In a press release dated 14 October 2015, the Romanian Financial Supervisory Authority (“FSA”) indicated that the FSA Board has decided to open the plan-based financial recovery proceedings against EUROINS Romania Asigurare-Reasigurare SA (“EUROINS SA”). The main goal of the proceedings is to restore EUROINS SA’s financial situation within one year.
FSA’s decision is based on the: (i) findings of the FSA controlling report which revealed several regulatory non-compliances regarding solvency and capital requirements; and (ii) additional minimum capital requirements under the Solvency II rules. As such, the analysis of EUROINS SA’s financial statements, as of 30 June 2015, indicated that the contribution of an additional RON 200 million to the share capital - as assumed by the shareholders - was insufficient.

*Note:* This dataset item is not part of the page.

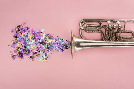 This image showcases a golden trumpet amidst a burst of colorful confetti and musical notes, radiating joy and celebration, perfect for creative projects.

Within 20 days from receipt of the FSA decision, EUROINS SA board of directors has the obligation to file its recovery plan with the FSA. The plan must address aspects such as: (i) the estimate of the financial resources to be used to increase the solvency margin; (ii) reinsurance; and (iii) a debts settlement schedule. As part of the recovery proceedings, EUROINS SA must also file monthly with the FSA the status of the progress of implementing the assumed recovery plan.
EUROINS SA will continue to pursue its activity, including underwriting new risks and claims settlement. All policies issued before the decision of the FSA remain valid and produce full effects.
It is expected that further details will be available in the near future/coming weeks.